Found this Chinese character, it is '\u72c5'/'狅', plus one character before and after, ['\u4eb2','\u72c5','\u828e']/["情","狅", "芎"]
.
Search, '\u72c5'/'狅' can be read as qing, but now it is read as kuang, which should be the cause of the error.
According to the initial sorting list of all Chinese characters, the first Chinese character of qing is '\u9751'/'靑'.
After the change, only 104 failed conversions.

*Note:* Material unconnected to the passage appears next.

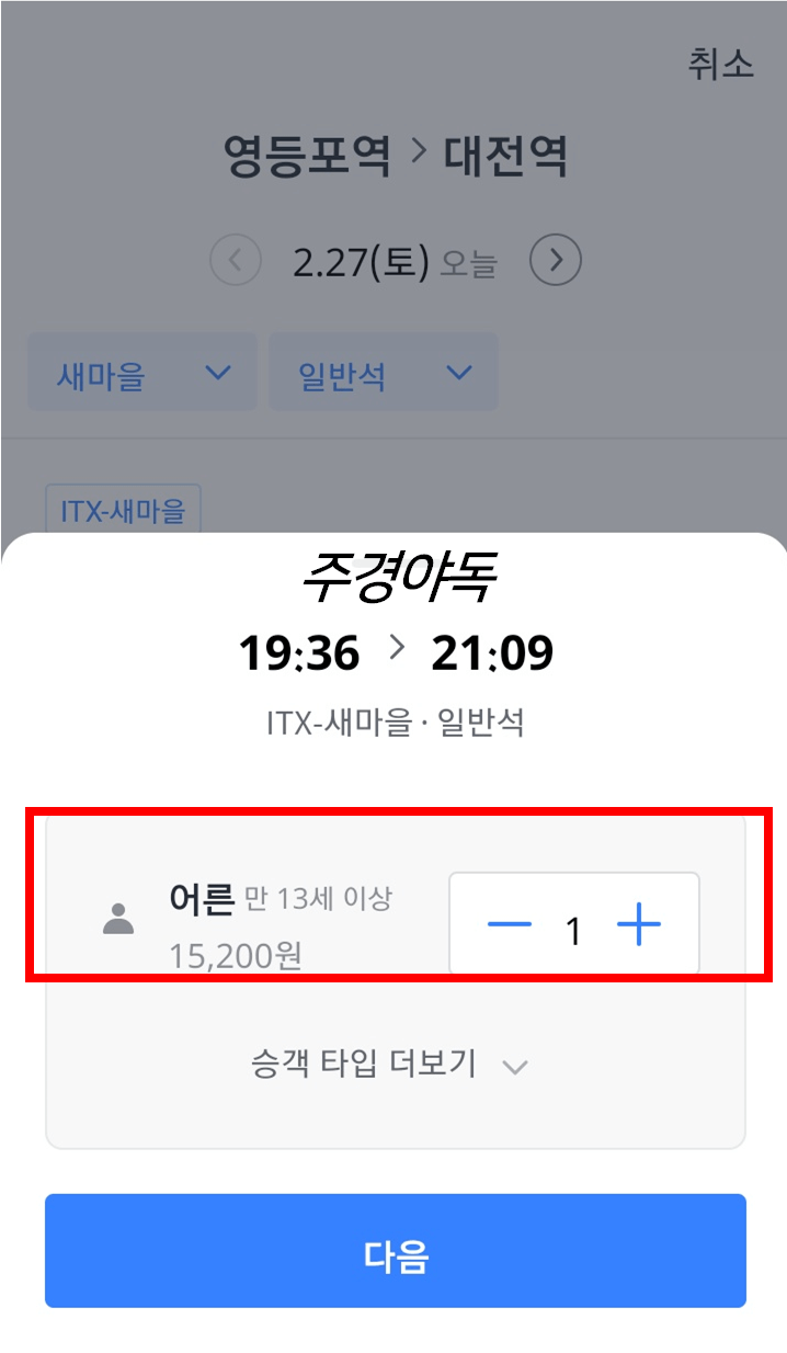 3. 원하는 시간의 기차를 선택 후 사람 인원 수를 선택합니다.
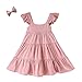 BABY GIRL LINEN RUFFLE DRESS: Infant girls breathable playwear dress with cute design of ruffle sleeve, round neck and three layers pleated twirl dress, a great gift for your baby's birthday, match with adorable bow knot headband.

The above is the detailed content of Detailed explanation of how JavaScript uses 300 lines of code to convert Chinese characters to Pinyin. For more information, please follow other related articles on the PHP Chinese website!

Statement of this Website
The content of this article is voluntarily contributed by netizens, and the copyright belongs to the original author. This site does not assume corresponding legal responsibility. If you find any content suspected of plagiarism or infringement, please contact admin@php.cn

Hot AI Tools

Undresser.AI Undress

Undresser.AI Undress

AI-powered app for creating realistic nude photos

AI Clothes Remover

AI Clothes Remover

Online AI tool for removing clothes from photos.

Undress AI Tool

Undress AI Tool

Undress images for free

Clothoff.io

Clothoff.io

AI clothes remover

AI Hentai Generator

AI Hentai Generator

Generate AI Hentai for free.

Hot Article

R.E.P.O. Energy Crystals Explained and What They Do (Yellow Crystal)
3 weeks ago By 尊渡假赌尊渡假赌尊渡假赌
R.E.P.O. Best Graphic Settings
3 weeks ago By 尊渡假赌尊渡假赌尊渡假赌
R.E.P.O. How to Fix Audio if You Can't Hear Anyone
3 weeks ago By 尊渡假赌尊渡假赌尊渡假赌

Hot Tools

Notepad++7.3.1

Notepad++7.3.1

Easy-to-use and free code editor

SublimeText3 Chinese version

SublimeText3 Chinese version

Chinese version, very easy to use

Zend Studio 13.0.1

Zend Studio 13.0.1

Powerful PHP integrated development environment

Dreamweaver CS6

Dreamweaver CS6

Visual web development tools

SublimeText3 Mac version

SublimeText3 Mac version

God-level code editing software (SublimeText3)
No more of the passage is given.